**WORK INSTRUCTION**
Below this line are records; transcribe exactly the lines between the one holding "This paper addresses" and the one holding "I need InDesign", inclusive, and omit the pictures.

**DATA RECORDS**
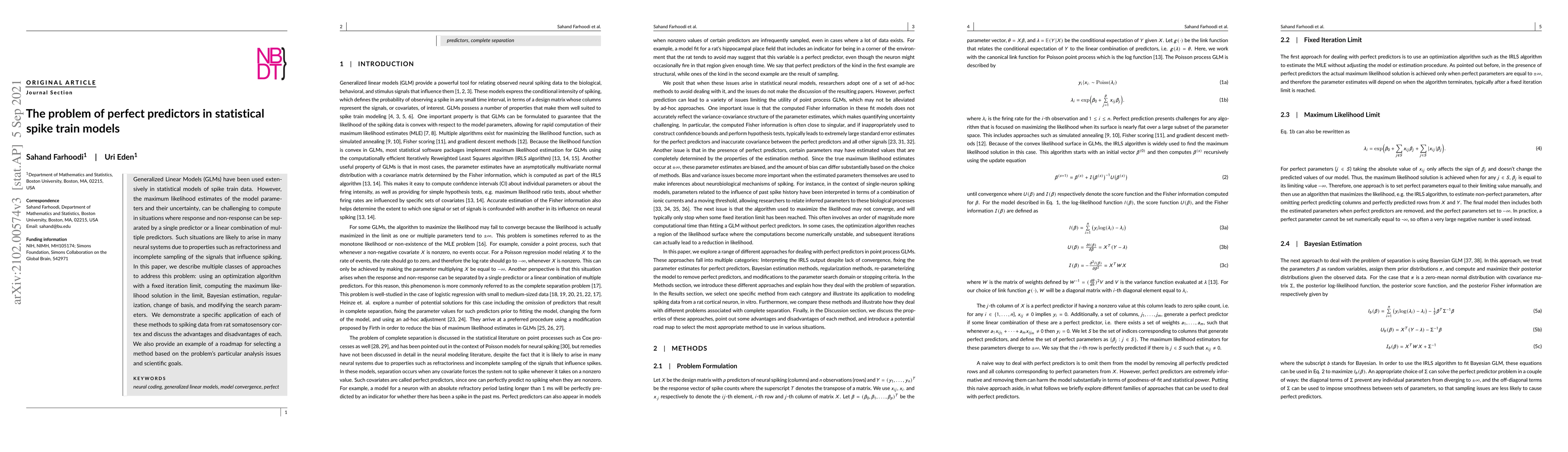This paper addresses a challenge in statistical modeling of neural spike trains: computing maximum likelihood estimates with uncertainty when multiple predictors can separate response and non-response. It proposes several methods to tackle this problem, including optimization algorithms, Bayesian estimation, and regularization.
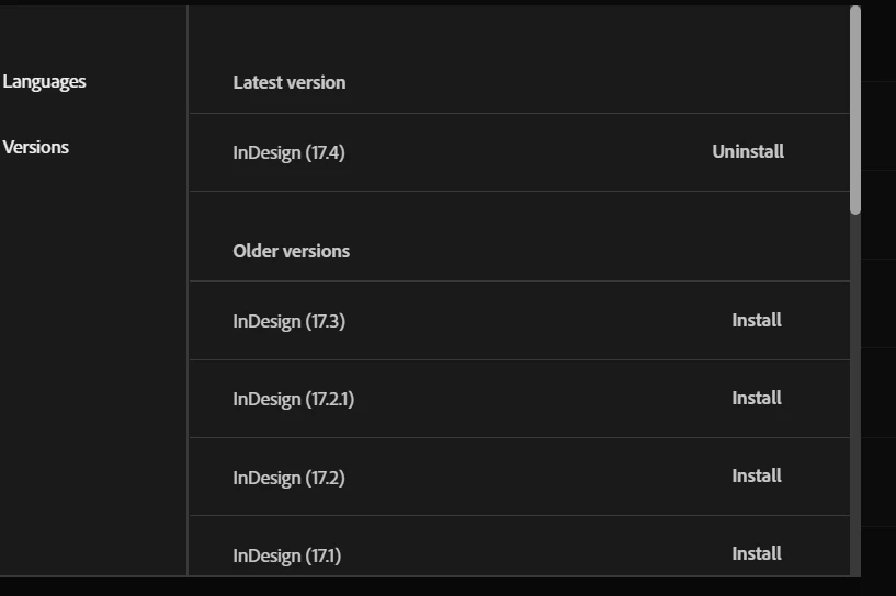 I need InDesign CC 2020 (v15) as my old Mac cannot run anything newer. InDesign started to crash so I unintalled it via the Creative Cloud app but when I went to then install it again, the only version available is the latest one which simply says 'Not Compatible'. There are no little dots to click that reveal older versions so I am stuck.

==

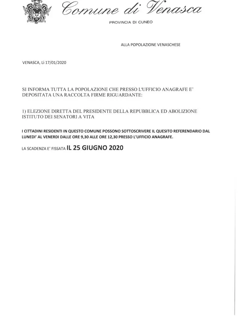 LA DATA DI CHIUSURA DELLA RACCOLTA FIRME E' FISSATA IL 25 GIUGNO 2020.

==

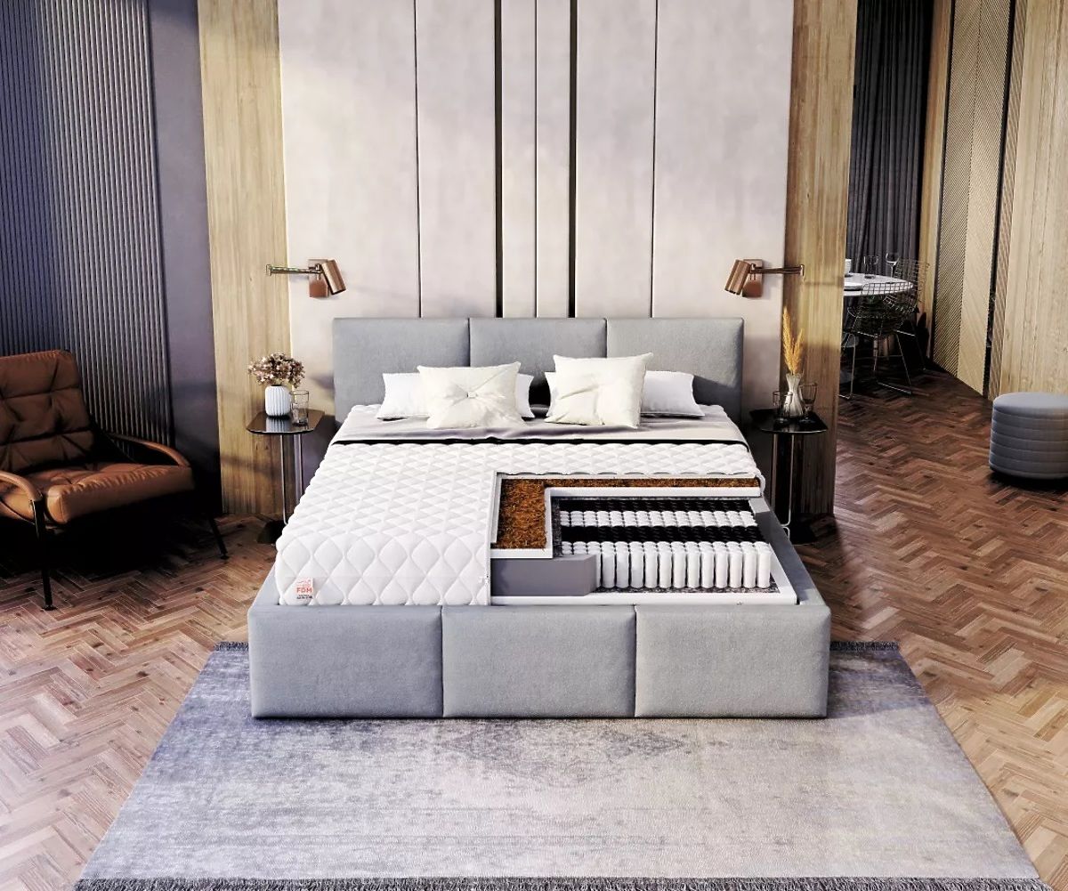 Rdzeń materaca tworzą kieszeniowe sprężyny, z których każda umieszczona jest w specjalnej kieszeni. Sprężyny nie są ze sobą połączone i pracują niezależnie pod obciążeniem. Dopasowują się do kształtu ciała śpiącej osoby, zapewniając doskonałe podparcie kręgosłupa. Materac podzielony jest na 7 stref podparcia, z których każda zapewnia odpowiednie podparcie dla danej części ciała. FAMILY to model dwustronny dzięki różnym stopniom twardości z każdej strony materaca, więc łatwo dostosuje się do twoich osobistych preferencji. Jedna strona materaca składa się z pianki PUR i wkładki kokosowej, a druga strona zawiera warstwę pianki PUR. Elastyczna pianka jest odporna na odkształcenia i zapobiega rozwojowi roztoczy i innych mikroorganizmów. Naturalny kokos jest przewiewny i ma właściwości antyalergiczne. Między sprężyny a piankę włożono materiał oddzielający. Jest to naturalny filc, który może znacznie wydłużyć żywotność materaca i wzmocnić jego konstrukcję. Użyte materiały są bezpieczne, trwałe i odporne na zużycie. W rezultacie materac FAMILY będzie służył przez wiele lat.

**REPLY**
This paper addresses a challenge in statistical modeling of neural spike trains: computing maximum likelihood estimates with uncertainty when multiple predictors can separate response and non-response. It proposes several methods to tackle this problem, including optimization algorithms, Bayesian estimation, and regularization.
 I need InDesign CC 2020 (v15) as my old Mac cannot run anything newer. InDesign started to crash so I unintalled it via the Creative Cloud app but when I went to then install it again, the only version available is the latest one which simply says 'Not Compatible'. There are no little dots to click that reveal older versions so I am stuck.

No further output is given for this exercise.